■ Materials provided
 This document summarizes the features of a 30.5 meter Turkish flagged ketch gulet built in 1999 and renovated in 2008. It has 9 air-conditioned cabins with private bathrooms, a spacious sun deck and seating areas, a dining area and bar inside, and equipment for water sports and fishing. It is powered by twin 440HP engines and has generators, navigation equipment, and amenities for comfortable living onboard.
--
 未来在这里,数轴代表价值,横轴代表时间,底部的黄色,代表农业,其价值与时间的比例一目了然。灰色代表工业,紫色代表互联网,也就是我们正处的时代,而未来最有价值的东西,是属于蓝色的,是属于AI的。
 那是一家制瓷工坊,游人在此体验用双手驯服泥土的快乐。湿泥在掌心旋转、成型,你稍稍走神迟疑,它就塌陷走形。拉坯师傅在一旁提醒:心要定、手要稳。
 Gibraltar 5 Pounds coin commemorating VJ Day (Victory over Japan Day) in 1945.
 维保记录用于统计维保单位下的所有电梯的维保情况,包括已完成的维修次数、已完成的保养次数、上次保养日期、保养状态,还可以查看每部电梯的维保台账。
---
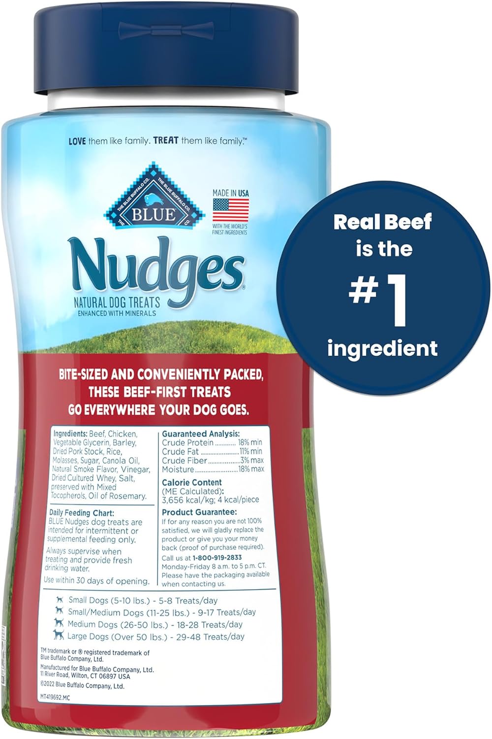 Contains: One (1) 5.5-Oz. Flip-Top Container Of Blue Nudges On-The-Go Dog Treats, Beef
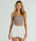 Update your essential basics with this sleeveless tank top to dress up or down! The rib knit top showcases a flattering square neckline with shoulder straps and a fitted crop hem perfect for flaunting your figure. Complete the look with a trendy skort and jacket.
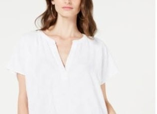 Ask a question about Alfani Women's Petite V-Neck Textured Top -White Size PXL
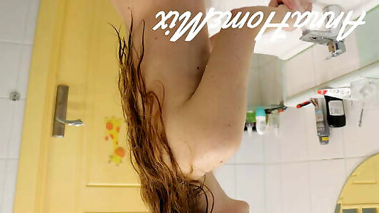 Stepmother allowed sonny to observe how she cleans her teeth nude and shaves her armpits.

■ Instructions to follow
Everything between and including the line above containing "Update your essential" and the line containing "Stepmother allowed sonny" should be reproduced exactly, with pictures excluded.

■ Response to the exercise
 Update your essential basics with this sleeveless tank top to dress up or down! The rib knit top showcases a flattering square neckline with shoulder straps and a fitted crop hem perfect for flaunting your figure. Complete the look with a trendy skort and jacket.
 Ask a question about Alfani Women's Petite V-Neck Textured Top -White Size PXL
 Stepmother allowed sonny to observe how she cleans her teeth nude and shaves her armpits.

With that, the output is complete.